Well thanks @dandv & @connor4312 for the general support. My guess about the situation is that the ESDoc maintainer is a capable starter / initial architect, but scratched his itch and let things ride. Certainly no problems with that, but then the project got some legs / filled an actual need for many others. I really don't like unnecessary forking and this situation is completely different from what led me to fork escomplex; subsequently a couple of months ago that fellow abandoned escomplex without doing anything during a year of "stewardship", so definitely the right thing there. All this does inform on how to build a community and when you get another contributor who falls in that "1%" you definitely want to get them on board as a collaborator and even the top "5%" due to the relative reversible situation of any bad commit; re: some of Peter Hintjens (RIP) writings on building a community. Which is also captured in the node-influx opening statement, "Interested in becoming a maintainer? Please help out with issues and pull-requests and open an issue introducing yourself! After we've seen you're involved with the project, we'll add you up 👍".

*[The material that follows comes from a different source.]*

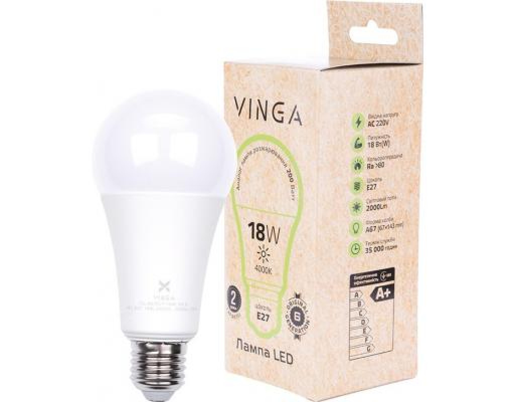 Лампочка Vinga VL-A67E27-184L-HLE світлодіодна Е27, споживана потужність - 18 Вт, колірна температура - 4000 К (нейтральний білий), 220 В, особливості - енергозберігаюча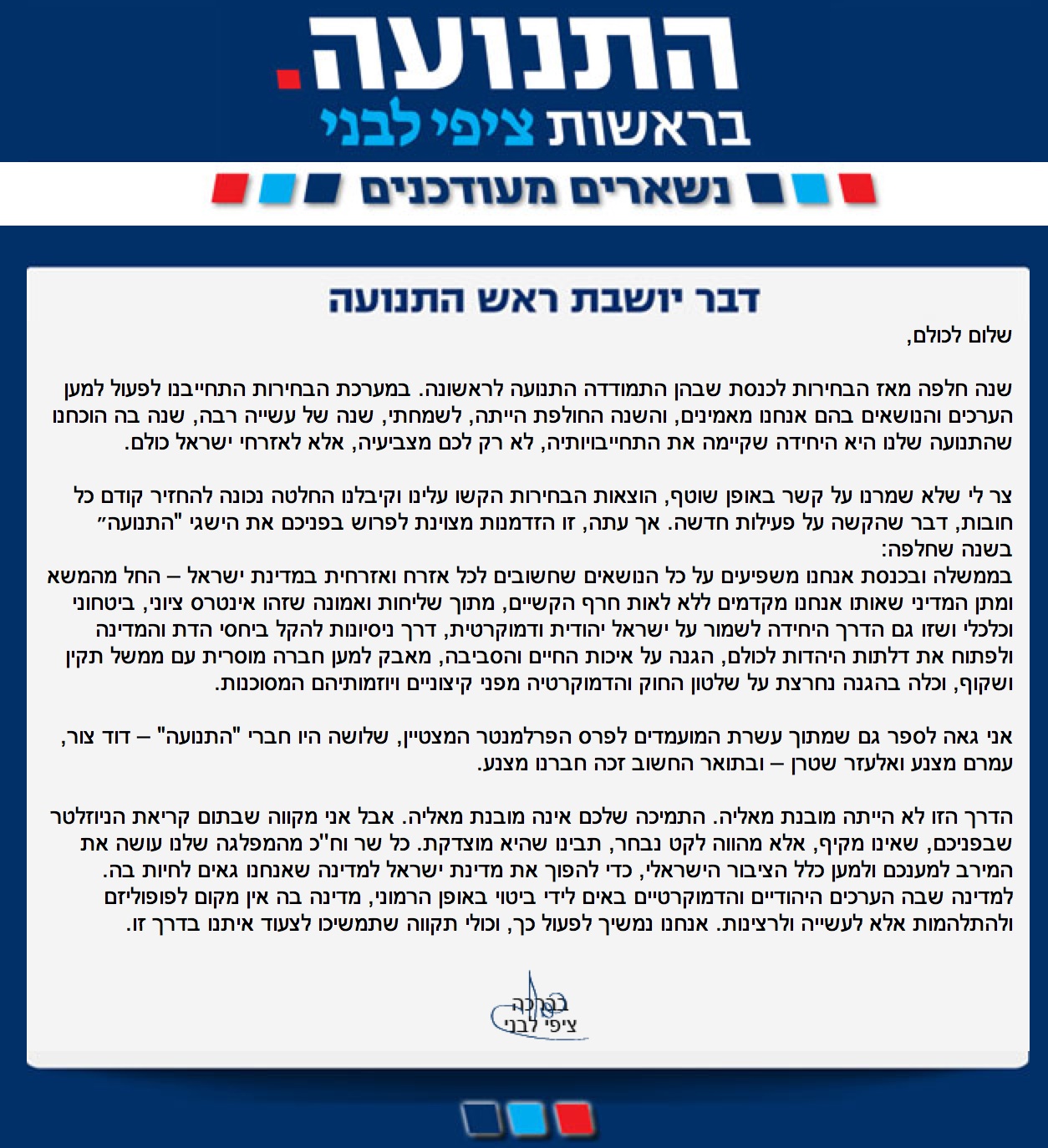 שנה אחרי הבחירות ובמפלגת התנועה בראשות ציפי לבני התחילו בפעם הראשונה להתייחס לציבור התומכים שלהם. לפני כמה ימים העלתה יו”ר התנועה, השרה ציפי לבני לינק בעמוד הפייסבוק שלה ובו קראה לתומכיה ותומכי מפלגתה להירשם לניוזלטר. למי מכם שלא רוצה להירשם כדי לקרוא את התוכן, הנה חלקו הראשון של הניוזלטר.

Re: TypeScript I have indeed come across the wiki page mentioned. At least things are contained in types.ts, but is a bit unwieldy still compared to a spec document specific for the AST syntax.

I'll likely be finishing typhonjs-escomplex see where things are at with ESDoc at the end of the year and as mentioned if v1.0 is not pushed out by then and / or I'm not accepted as a collaborator a permanent fork is pertinent (technically it probably should be regardless with what I have in mind). With what I'm pulling off with TyphonJS solid and automatically updated documentation is important. I'm angling to get out a complementary CI tool which on commit of a repo generates docs and uploads them to a server / commit to a specific doc repo for a larger one or many-organization effort.

I'm certainly not against supporting TypeScript for typhonjs-escomplex and likely typhonjs-esdoc. At least with typhonjs-escomplex I have in depth experience with supporting acorn, espree, esprima and babylon generated AST, so uh what could be the difficulty with adding TS... ;) It would be great if things do move in that direction and a TS enabled version of ESDoc fits for influx for some help on getting out the word to the rest of the TypeScript community. I'll drop back by and post an issue if / when this occurs.

typhonrt commented 7 years ago

Just a little heads up.. I am going to start a permanent major fork / rearchitecture of ESDoc in the coming month or so as things eventually fell apart / see end of thread / patience exhausted (https://github.com/esdoc/esdoc/issues/345)... I don't think things will merge back with ESDoc as things go. I can't exactly predict when Typescript support will be added, but I'd like things moving in that direction in Q2 '17 with initial Flow support to sketch out how documentation generation output may be facilitated for TypeScript as well. Quite likely I'll be renaming this effort to aid in visibility / traction, so I'll drop another note here or post a new issue when things approach release candidate / ready to be tested for a significant outside TypeScript project before final release of this functionality as I can use some help from a few knowledgable TypeScript users / developers to fine tune things and get the word out. Alright, have a good and safe weekend folks and chat next year!